In essence, yes. A general element of $Q[(103)^{1/2}]$ is of the form $a+b(103)^{1/2}$ for $a,b\in Q$. In that problem, you are expected to show that $a+b(103)^{1/2}$ is an algebraic integer if and only if $a,b\in Z$, using just the definition. The context of the problem might help you to understand what is expected from the solution: I noticed at some point that there were students who knew the (important!) formula for the ring of integers in general $Q[\sqrt{d}]$ and could justify it, but then got awfully confused when presented with the same problem for specific $d$.

By the way, to defend my notation $nZ^d$, note that there are two different ways to insert brackets, both leading to the same subgroups of $Z^d$. Hence, it’s OK to omit them :-).

### Integers, class groups, multiplying ideals…

Many thanks, that wasn’t meant to sound like quite such a leading questions, I think I was in the midst of exam panic when I sent it!
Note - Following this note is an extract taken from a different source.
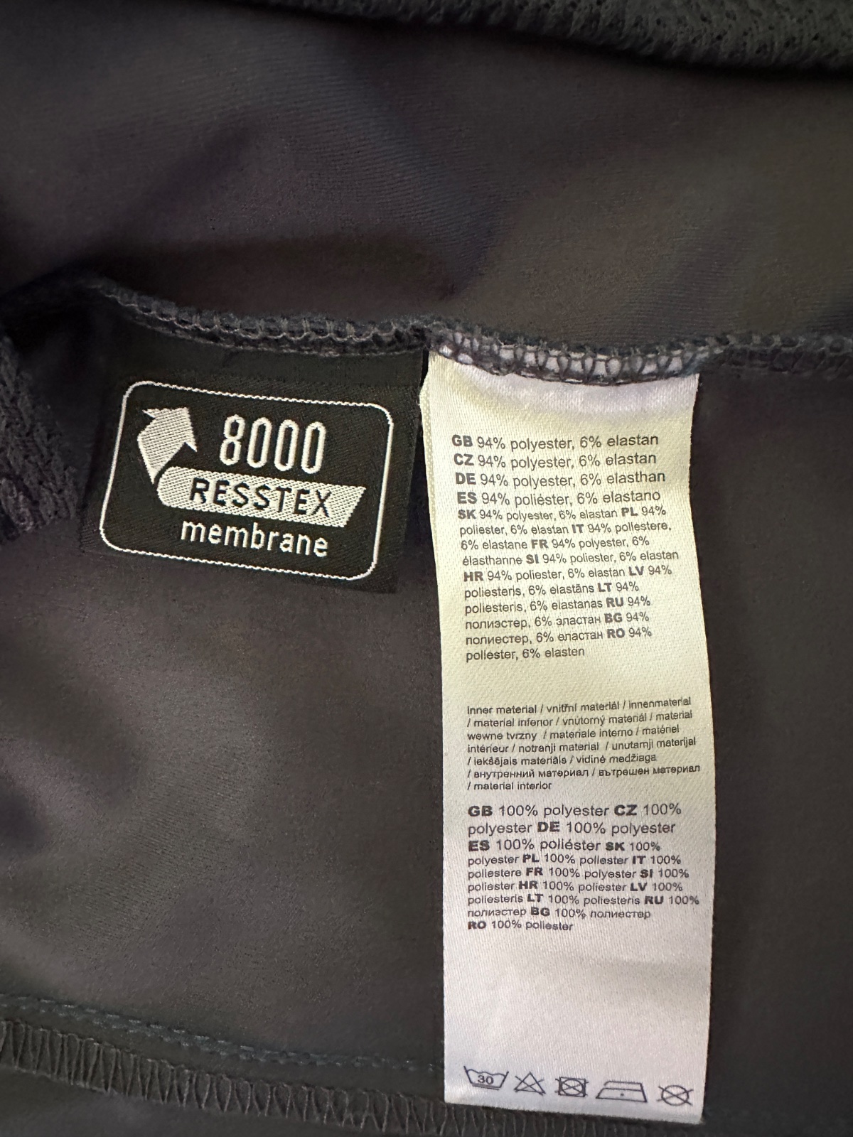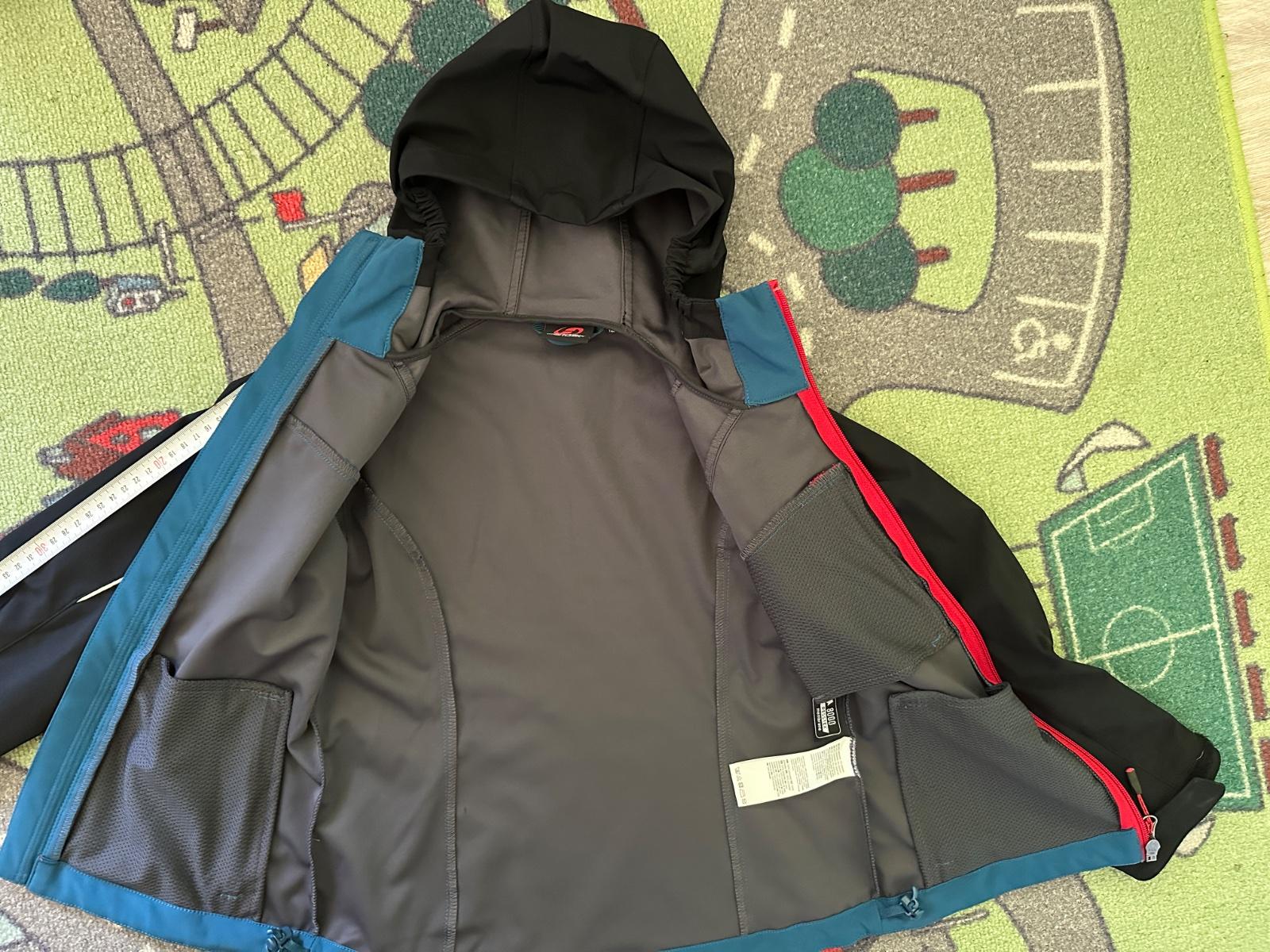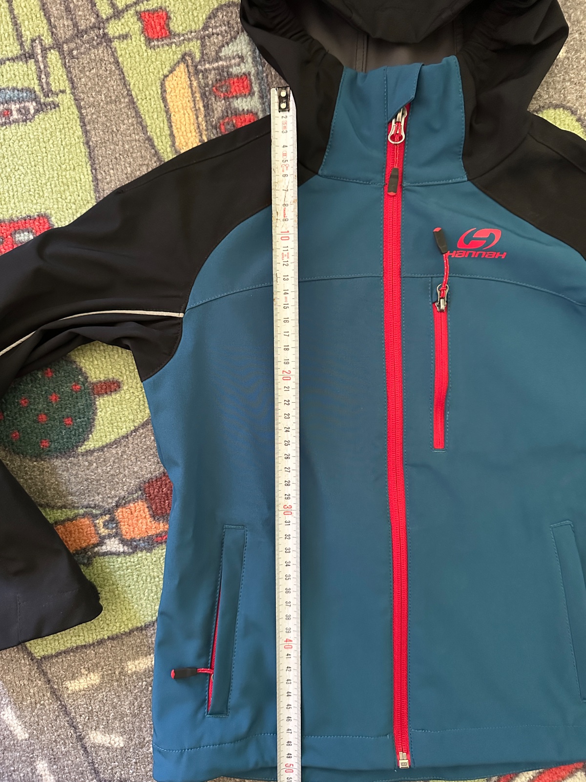 Nezateplena softdhellova bunda Hannah vel 128, restech 8000, kapuce není odepínací, staženi dolního lemu a rukávu. Kapsy na zip.

Sorry to fire off another list of questions, I’m fully aware that you must be inundated with emails at this time of year, so thank you again for being so prompt and clear in your responses!
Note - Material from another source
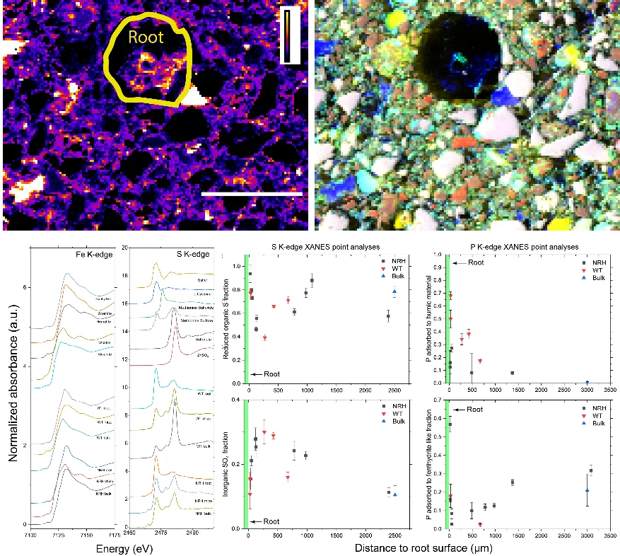 Soil resources are usually inaccessible to plants, because of the tightly bound nature of nutrients to soil minerals and organic matter. Roots can overcome this by engineering their direct environment, the rhizosphere. Roots significantly augment rhizosphere soil structure that is beneficial, such as bulk density and porosity. However, the chemical alterations have not been extensively investigated in situ. This study combines structural information, previously obtained with synchrotron X‐ray computed tomography (XCT), with XRF microscopy and XANES spectroscopy to unravel chemical changes induced by plant roots. Our results suggest that iron (Fe) and sulfur (S) increase notably in the direct vicinity of the root via solubilization and microbial activity. XANES further shows that Fe is slightly reduced, S is increasingly transformed into sulfate (SO42−) and phosphorus (P) is increasingly adsorbed to humic substances in this enrichment zone. Moreover, the ferrihydrite fraction decreases drastically, suggesting the preferential dissolution and the formation of more stable Fe oxides. Additionally, the increased transformation of organic S to sulfate indicates that the microbial activity in this zone is increased. These changes in soil chemistry correspond to the soil compaction zone as previously measured via XCT. The fact that these changes are co-located near the root and the compaction zone suggests that decreased permeability as a result of soil structural changes acts as a barrier creating a zone with increased rhizosphere chemical interactions via surface‐mediated processes, microbial activity and acidification. The measurements have been taken at the PHOENIX beamline of the Swiss Light source and beamline I18 of the Diamond Light Source.

1) In the 2008 exam qu1 part d: Is it possible to just calculate the minimal polynomial and see if the degree is the same as the extension?
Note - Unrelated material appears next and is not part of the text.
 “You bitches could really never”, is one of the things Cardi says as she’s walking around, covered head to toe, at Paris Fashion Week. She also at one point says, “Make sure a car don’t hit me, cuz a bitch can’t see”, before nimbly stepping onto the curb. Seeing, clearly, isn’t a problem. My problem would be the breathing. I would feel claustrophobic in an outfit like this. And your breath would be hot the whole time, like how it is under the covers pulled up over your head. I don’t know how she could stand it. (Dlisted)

2) In A Few Past Exam questions:

The discriminant in the second part is given as $3^5.17.19$, no matter how many different methods I use to calculate this I don’t get the right answer! I was using the assumption that as a cubic we can use $-4a^3-27b^2$ but this gives me $3^5.-13$?

3) How do we multiply maximal ideals explicitly? For example in ‘A few past exam questions’ I can see how this is true for $P_2P_5$ but do we then just deduce $P_2P_7$ or is their some way of calculating this? I can also see that an alternative factorization could be as

$(2)=P_2^2 (5+\alpha)=P_5P_7$

but again don’t see how to explicitly calculate the second result.

4) In Integral Bases and Translations: The discriminant of B is given as $4^4.(-p)^3$, is this correct? My calculations gave me either $4^2$ or equivalently $2^4.$

5) In Few Class Groups:

How do we know the ring of algebraic integers is $Z[\alpha]$? When calculating I get a possible algebraic integer with prime 2 (which is eliminated using Eisenstein) but am still left with prime 3 giving the possibility of algebraic integer

$1/3(a_0+a_1x+a_2x^2)?$

Kindest regards,

—————————————————————

(1) Yes, it’s fine to do this. Another way is to use the proof of the primitive element theorem, as explained in Primitive elements: an example.’

(2) You are right! That was a silly error on my part. Thankfully, it doesn’t affect the rest of the argument at all, so it went unnoticed.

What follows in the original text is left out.